## WHAT IS REQUIRED:
Make the copy match the entries below exactly, with no pictures carried over.

Stored data entries
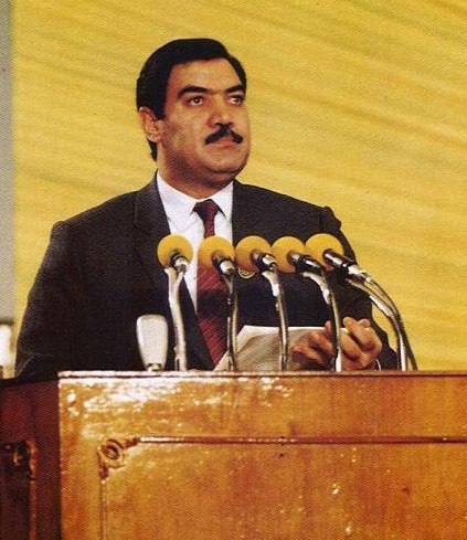«در ظاهرامر نجیب الله برای پیش برد برنامه دراماتیک "مصالحه ملی" که از جانب مسکو برنامه ریزی شده بود، انتخاب مناسبی می نمود. او هنوز هم با وجود تغییر شیوه نصب شدن با خطر نامیده شدن دست نشانده مواجه بود. او که از سال 1981 رئیس خاد بود در ذهنیت مردم شخص سفاکی بود که امر شکنجه های غیر نسانی هزاران نفر را صادر کرده بود، مگر سر و کارداشتن طولانی او با خاد در عین زمان او را در شناخت و درک درست اقوام پشتون واقع در دو طرف مرز دسترسی کامل بخشیده بود. رویهمرفته جاذبه های او بیشتر از نقاط مشمئزکننده او بود. اگرچه او یک عضو برجسته جناح پرچم حزب دموکراتیک خلق بود مگر نسبت او به قوم غلزایی پشتون چانس همکاری نزدیک او را با خلقی های غلزایی مسلط در اردو بیشتر میساخت...گورباچف عقیده داشت که نجیب الله به حیث نوکر درجه اول کی. جی. بی قابل اطمینان به اجرای هر عملی بود که از جانب مسکو برایش هدایت داده می شد.» (13)
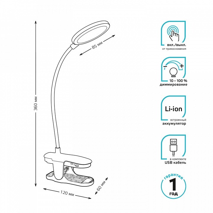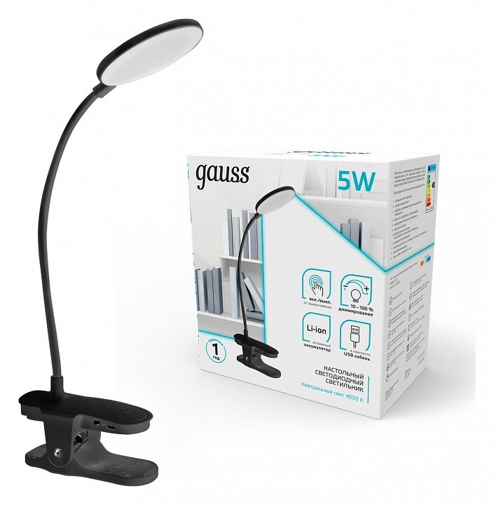 Аккумуляторный диммируемый светильник от Gauss станет для вас незаменимым помощником. Данный источник света не требует замены батареек, он светит в течение длительного времени до следующей подзарядки, а также легко заряжается. Аккумулятор Li-ion большой запас емкости и легкий вес. Потребляемая мощность 5 Вт, без мерцания, цветовая температура 4000 К - все эти параметры благоприятно влияют на работоспособность глаз во время чтения или работы. Сенсорная регулировка уровня яркости позволяет легко выбрать необходимый цвет освещения для работы, чтения, обучения или отдыха. Светильник представлен в чёрном и белом цвете, выполнен в лаконичным стиле, что подойдёт для любого интерьера. Настольная лампа от Gauss на прищепке оснащена встроенным аккумулятором. Модели на батарейках - простое практичное и бюджетное решение.
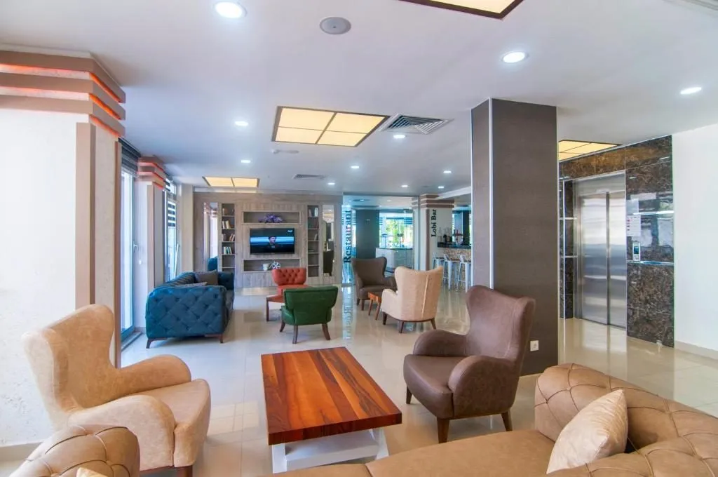 Descriere generala: Piscina in aer liber cu toboganRecomandat pentru un sejur activ Principalele puncte de atracție: Piscina in aer liber cu toboganRecomandat pentru un sejur activ Descriere hotel: Hotelul a fost construit in anul 1989 si este localizat in statiunea Avsallar/Alanya, la 150 m de plaja proprie. Facilități si dotari camere: -  Standard Rooms- pot fi single si double si sunt mobilate cu unul, respectiv 2 paturi twin. Acestea au 18 mp.- Family Rooms- o singura incapere mare cu o capacitate de 4 persoane.Dotari camere: baie proprie cu dus, TV, telefon (contra cost), minibar, seif (contra cost), aer condiționat, internet (contra cost), uscator de par, balcon. Sport și relaxare: piscine in aer liber, tobogan, centru spa, baie turceasca, sauna, darts, loc de joaca pentru copii, biliard, sporturi nautice Facilități pentru copii: - piscina pentru copii si tobogan- loc de joaca pentru copii Facilități gratuite: bauturi alcoolice si non-alcoolice locale, conexiune internet in lobby, piscine in aer liber, tobogan, baie turceasca, sauna Facilități contra cost: bauturi de import, sucuri proaspete de fructe, cafea turceasca, conexiune internet in camera, seif in camera, serviciul de masaje la centrul spa, sporturi nautice, servicii medicale, shopping, spalatorie/calcatorie, telefon, fax. Regim de masă: All Inclusive - mic dejun, pranz si cina tip bufet- bauturi alcoolice si non-alcoolice locale incluse in intervalul 10:00-23:00 Locatia: Hotelul este localizat la 108 km de aeroportul Antalya, 60 km fata de cel din Gazipasa si 22 km fata de centrul Alanyei. Soare si mare: Hotelul este situat la 150 m de plaja proprie si are o piscina in aer liber cu zona pentru copii si un tobogan. Umbrelutele si sezlongurile sunt gratuite. Restaurante si baruri: Restaurant principal; Pool Bar.
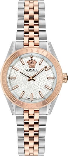 Logomania overtakes an opulent bracelet watch, from the Greek-key–engraved bezel to the 3D-look face with a Medusa-head icon at high noon.
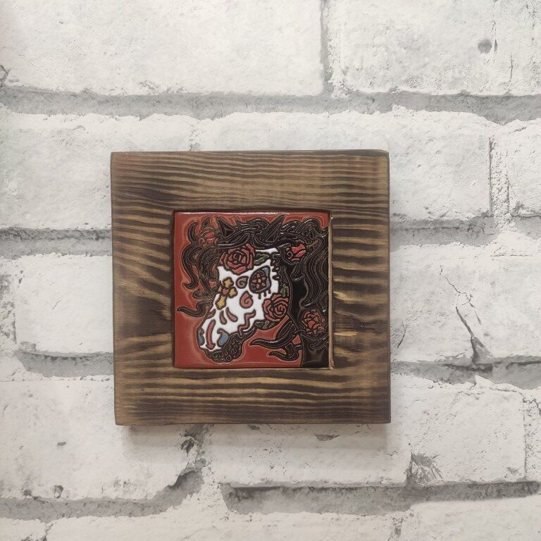 Sprawdza się jako ozdoba ścienna, element dekoracyjnej deski lub część większego zestawu kafelków. Płytka dodaje przestrzeni energia, elegancję i wyjątkowy klimat w duchu Día de los Muertos.
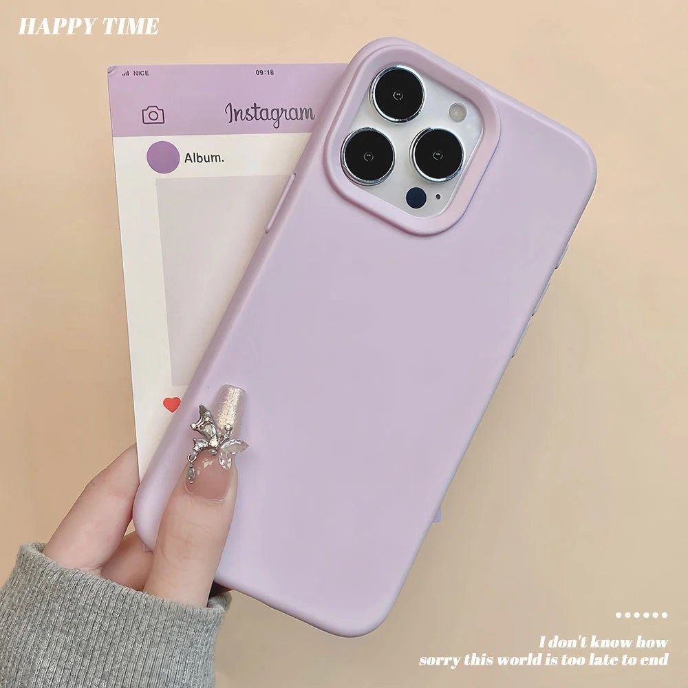 Dopamine Solid Color Liquid Silicone Is Suitable for Apple 17/16/15 Large Hole 14 Simple 13 Promax Phone Case 12 Soft Case Anti-Drop
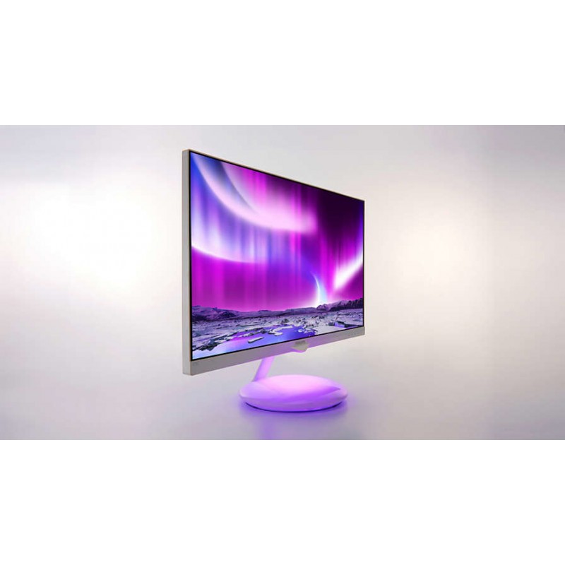 AmbiGlow agrega una nueva dimensión a tu experiencia de visualización. La tecnología innovadora de AmbiGlow amplía la experiencia creando un halo de luz en la base y alrededor de la misma. Su rápido procesador analiza el contenido de la imagen entrante y adapta continuamente el color y el brillo de la luz emitida para coincidir con la imagen. Además, la base iluminada AmbiGlow Plus recorre distintos colores y permite al usuario seleccionar manualmente el color o el tiempo de la luz para una iluminación que se adapte a la situación. El color, la intensidad y la acción van más allá de la pantalla y ofrecerte una experiencia de visualización más viva, emocionante y envolvente.
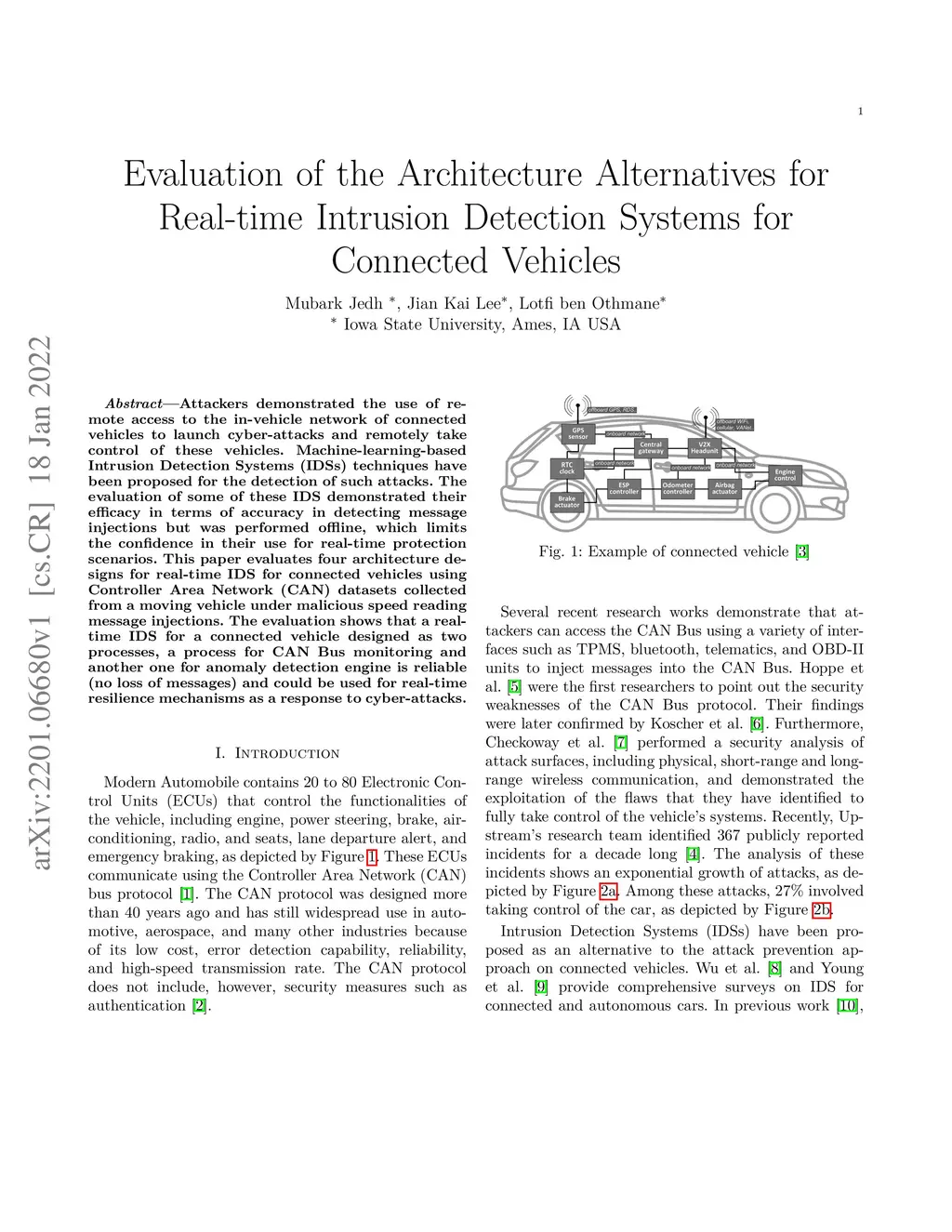 Attackers demonstrated the use of remote access to the in-vehicle network of connected vehicles to launch cyber-attacks and remotely take control of these vehicles. Machine-learning-based Intrusion Detection Systems (IDSs) techniques have been proposed for the detection of such attacks. The evaluation of some of these IDS demonstrated their efficacy in terms of accuracy in detecting message injections but was performed offline, which limits the confidence in their use for real-time protection scenarios. This paper evaluates four architecture designs for real-time IDS for connected vehicles using Controller Area Network (CAN) datasets collected from a moving vehicle under malicious speed reading message injections. The evaluation shows that a real-time IDS for a connected vehicle designed as two processes, a process for CAN Bus monitoring and another one for anomaly detection engine is reliable (no loss of messages) and could be used for real-time resilience mechanisms as a response to cyber-attacks.
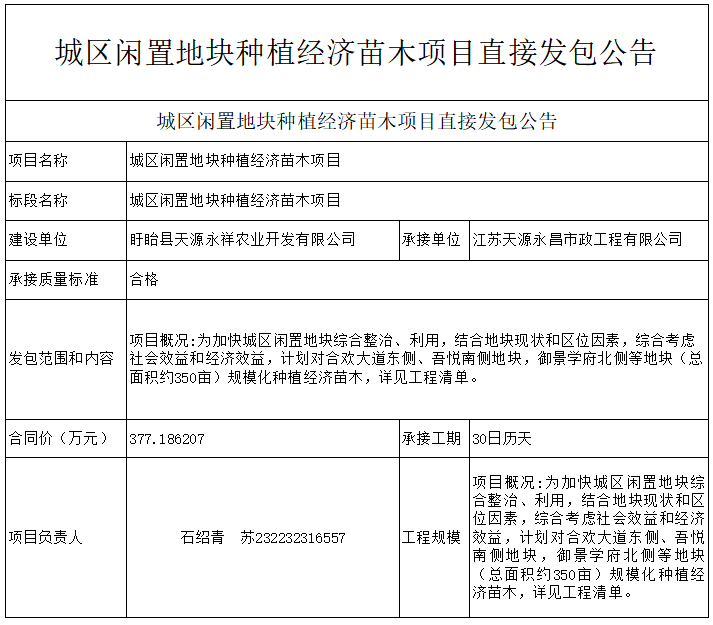 城区闲置地块种植经济苗木项目直接发包公告
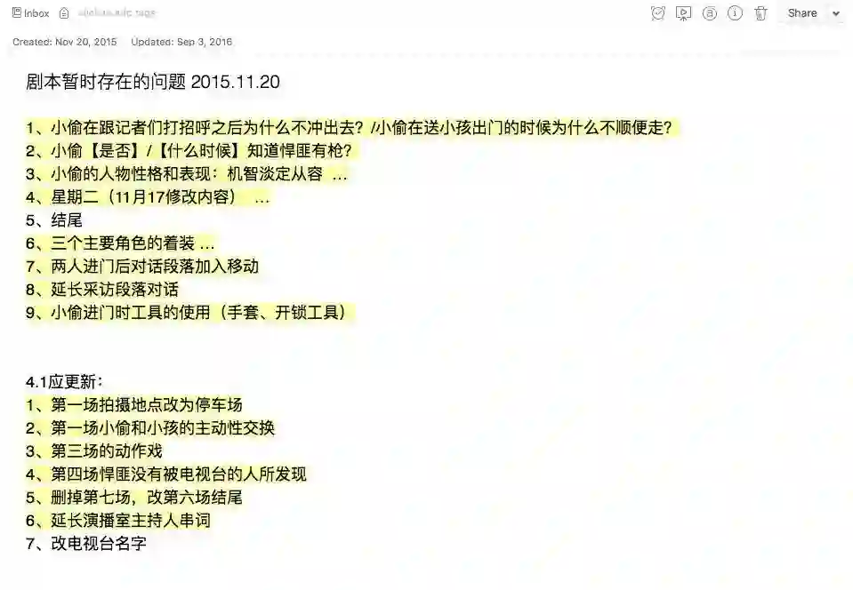 前三个软件前文已经介绍过。但大家知道,剧本写出来肯定不会一稿就过。写完了第一稿意味着马上要进入漫长的修改过程。跟导演、制片、导师等聊完剧本之后,我会用 Evernote 将他们的意见记录,并在电脑前打开,逐一修改并标注。
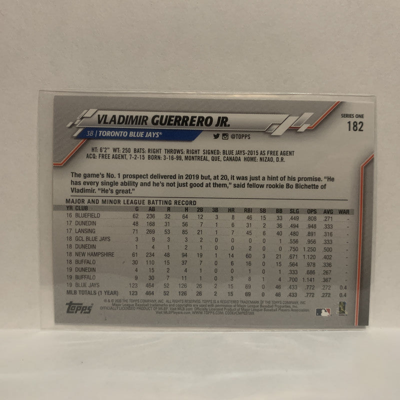 #182 Vladimir Guerrereo Jr. Toronto Blue Jays All Star Rookie 2020 Topps Series One Baseball Card JD
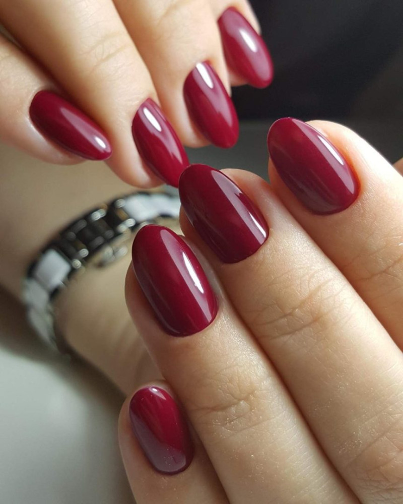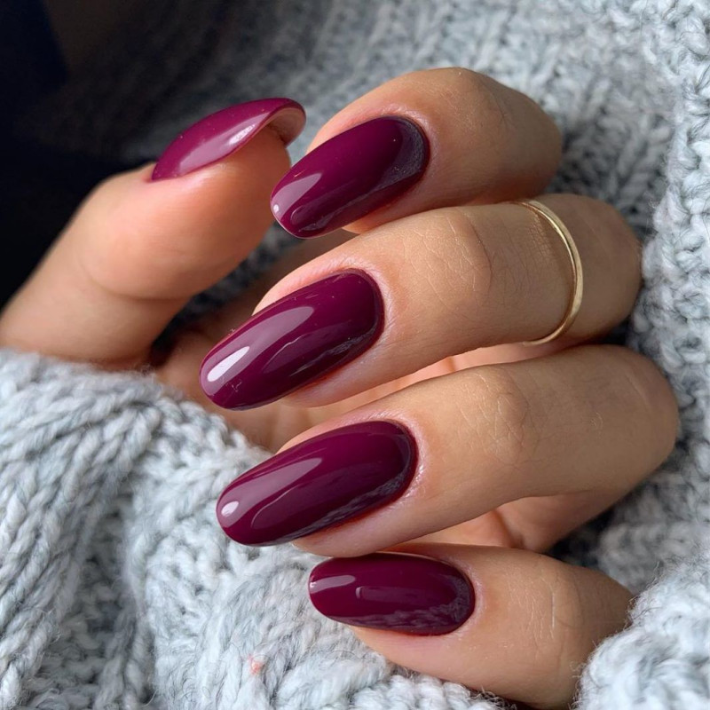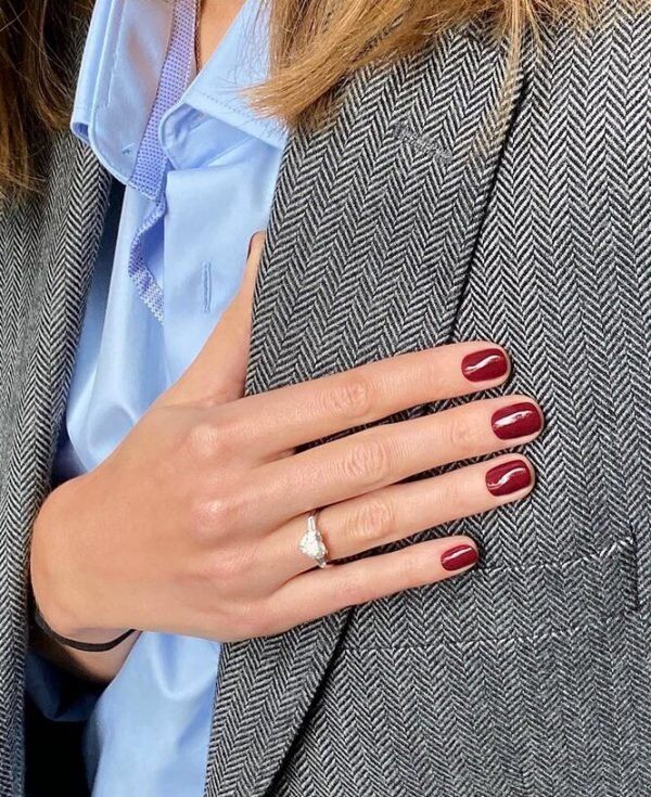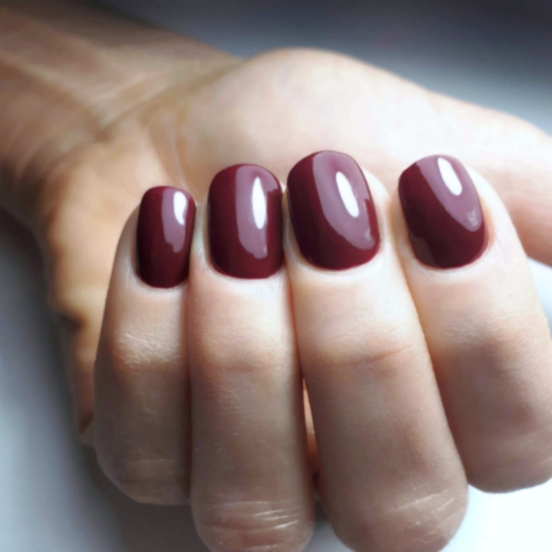 Винно-красные оттенки с пряностями – глубокие, близкие к бордовым, с золотисто-коричневыми искрами, станут отличным дополнением к осеннему сезону. Можно смело носить такой лак и на длинных, и на коротких ногтях.

## WRITTEN ANSWER:
«در ظاهرامر نجیب الله برای پیش برد برنامه دراماتیک "مصالحه ملی" که از جانب مسکو برنامه ریزی شده بود، انتخاب مناسبی می نمود. او هنوز هم با وجود تغییر شیوه نصب شدن با خطر نامیده شدن دست نشانده مواجه بود. او که از سال 1981 رئیس خاد بود در ذهنیت مردم شخص سفاکی بود که امر شکنجه های غیر نسانی هزاران نفر را صادر کرده بود، مگر سر و کارداشتن طولانی او با خاد در عین زمان او را در شناخت و درک درست اقوام پشتون واقع در دو طرف مرز دسترسی کامل بخشیده بود. رویهمرفته جاذبه های او بیشتر از نقاط مشمئزکننده او بود. اگرچه او یک عضو برجسته جناح پرچم حزب دموکراتیک خلق بود مگر نسبت او به قوم غلزایی پشتون چانس همکاری نزدیک او را با خلقی های غلزایی مسلط در اردو بیشتر میساخت...گورباچف عقیده داشت که نجیب الله به حیث نوکر درجه اول کی. جی. بی قابل اطمینان به اجرای هر عملی بود که از جانب مسکو برایش هدایت داده می شد.» (13)
 Аккумуляторный диммируемый светильник от Gauss станет для вас незаменимым помощником. Данный источник света не требует замены батареек, он светит в течение длительного времени до следующей подзарядки, а также легко заряжается. Аккумулятор Li-ion большой запас емкости и легкий вес. Потребляемая мощность 5 Вт, без мерцания, цветовая температура 4000 К - все эти параметры благоприятно влияют на работоспособность глаз во время чтения или работы. Сенсорная регулировка уровня яркости позволяет легко выбрать необходимый цвет освещения для работы, чтения, обучения или отдыха. Светильник представлен в чёрном и белом цвете, выполнен в лаконичным стиле, что подойдёт для любого интерьера. Настольная лампа от Gauss на прищепке оснащена встроенным аккумулятором. Модели на батарейках - простое практичное и бюджетное решение.
 Descriere generala: Piscina in aer liber cu toboganRecomandat pentru un sejur activ Principalele puncte de atracție: Piscina in aer liber cu toboganRecomandat pentru un sejur activ Descriere hotel: Hotelul a fost construit in anul 1989 si este localizat in statiunea Avsallar/Alanya, la 150 m de plaja proprie. Facilități si dotari camere: -  Standard Rooms- pot fi single si double si sunt mobilate cu unul, respectiv 2 paturi twin. Acestea au 18 mp.- Family Rooms- o singura incapere mare cu o capacitate de 4 persoane.Dotari camere: baie proprie cu dus, TV, telefon (contra cost), minibar, seif (contra cost), aer condiționat, internet (contra cost), uscator de par, balcon. Sport și relaxare: piscine in aer liber, tobogan, centru spa, baie turceasca, sauna, darts, loc de joaca pentru copii, biliard, sporturi nautice Facilități pentru copii: - piscina pentru copii si tobogan- loc de joaca pentru copii Facilități gratuite: bauturi alcoolice si non-alcoolice locale, conexiune internet in lobby, piscine in aer liber, tobogan, baie turceasca, sauna Facilități contra cost: bauturi de import, sucuri proaspete de fructe, cafea turceasca, conexiune internet in camera, seif in camera, serviciul de masaje la centrul spa, sporturi nautice, servicii medicale, shopping, spalatorie/calcatorie, telefon, fax. Regim de masă: All Inclusive - mic dejun, pranz si cina tip bufet- bauturi alcoolice si non-alcoolice locale incluse in intervalul 10:00-23:00 Locatia: Hotelul este localizat la 108 km de aeroportul Antalya, 60 km fata de cel din Gazipasa si 22 km fata de centrul Alanyei. Soare si mare: Hotelul este situat la 150 m de plaja proprie si are o piscina in aer liber cu zona pentru copii si un tobogan. Umbrelutele si sezlongurile sunt gratuite. Restaurante si baruri: Restaurant principal; Pool Bar.
 Logomania overtakes an opulent bracelet watch, from the Greek-key–engraved bezel to the 3D-look face with a Medusa-head icon at high noon.
 Sprawdza się jako ozdoba ścienna, element dekoracyjnej deski lub część większego zestawu kafelków. Płytka dodaje przestrzeni energia, elegancję i wyjątkowy klimat w duchu Día de los Muertos.
 Dopamine Solid Color Liquid Silicone Is Suitable for Apple 17/16/15 Large Hole 14 Simple 13 Promax Phone Case 12 Soft Case Anti-Drop
 AmbiGlow agrega una nueva dimensión a tu experiencia de visualización. La tecnología innovadora de AmbiGlow amplía la experiencia creando un halo de luz en la base y alrededor de la misma. Su rápido procesador analiza el contenido de la imagen entrante y adapta continuamente el color y el brillo de la luz emitida para coincidir con la imagen. Además, la base iluminada AmbiGlow Plus recorre distintos colores y permite al usuario seleccionar manualmente el color o el tiempo de la luz para una iluminación que se adapte a la situación. El color, la intensidad y la acción van más allá de la pantalla y ofrecerte una experiencia de visualización más viva, emocionante y envolvente.
 Attackers demonstrated the use of remote access to the in-vehicle network of connected vehicles to launch cyber-attacks and remotely take control of these vehicles. Machine-learning-based Intrusion Detection Systems (IDSs) techniques have been proposed for the detection of such attacks. The evaluation of some of these IDS demonstrated their efficacy in terms of accuracy in detecting message injections but was performed offline, which limits the confidence in their use for real-time protection scenarios. This paper evaluates four architecture designs for real-time IDS for connected vehicles using Controller Area Network (CAN) datasets collected from a moving vehicle under malicious speed reading message injections. The evaluation shows that a real-time IDS for a connected vehicle designed as two processes, a process for CAN Bus monitoring and another one for anomaly detection engine is reliable (no loss of messages) and could be used for real-time resilience mechanisms as a response to cyber-attacks.
 城区闲置地块种植经济苗木项目直接发包公告
 前三个软件前文已经介绍过。但大家知道,剧本写出来肯定不会一稿就过。写完了第一稿意味着马上要进入漫长的修改过程。跟导演、制片、导师等聊完剧本之后,我会用 Evernote 将他们的意见记录,并在电脑前打开,逐一修改并标注。
 #182 Vladimir Guerrereo Jr. Toronto Blue Jays All Star Rookie 2020 Topps Series One Baseball Card JD
 Винно-красные оттенки с пряностями – глубокие, близкие к бордовым, с золотисто-коричневыми искрами, станут отличным дополнением к осеннему сезону. Можно смело носить такой лак и на длинных, и на коротких ногтях.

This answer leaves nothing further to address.